Inaugurated in 1926 as a tribute to the Muslim soldiers who fell during the First World War, the Great Mosque of Paris is celebrating its centenary. Historian Naïma Huber-Yahi reflects on the dual role of this place, both a colonial instrument and a link between France and its Muslim community.

A century after its inauguration, the Great Mosque of Paris remains a complex historical object. Built in 1926, it arose from an official desire to pay tribute to Muslim soldiers who died for France during the Great War. But behind this tribute, historian Naïma Huber-Yahi, a contributor to the collective work The Great Mosque of Paris published by Éditions du Cherche-Midi, identifies a more ambivalent logic.

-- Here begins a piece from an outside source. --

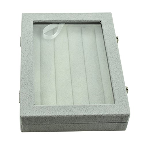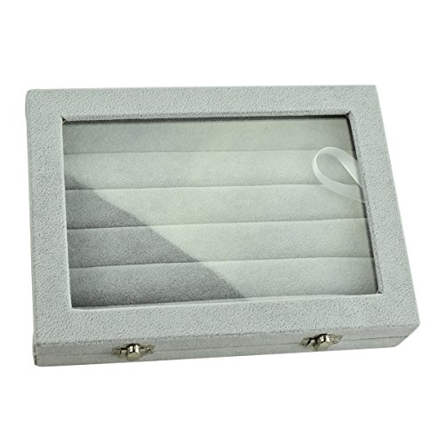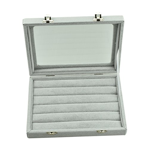 Argositment 9.45in x 6.97in Glass Top Gray 7 Ring Rows Tray Jewelry Display Case

“The Great Mosque, a colonial tool, will become a tool of emancipation,” she summarizes. This gradual transformation says a great deal about the evolution of the relationship between France and Islam, and about the place this building has occupied in diplomatic relations between Paris and Algiers over the decades.

Beyond its religious symbolism, the mosque functioned as a political tool, used sometimes to control the Muslim populations of the empire, and sometimes to maintain ties with the states of the Arab world. Its history thus reflects the major upheavals of 20th-century France: colonization, the Algerian War, immigration, and the construction of a Muslim identity in France.

The centenary offers an opportunity to revisit this journey. For Naïma Huber-Yahi, the mosque is not a monument fixed in a single function: it has survived regimes, conflicts and identity recompositions to establish itself today as a landmark of Muslim life in France, charged with all these contradictions.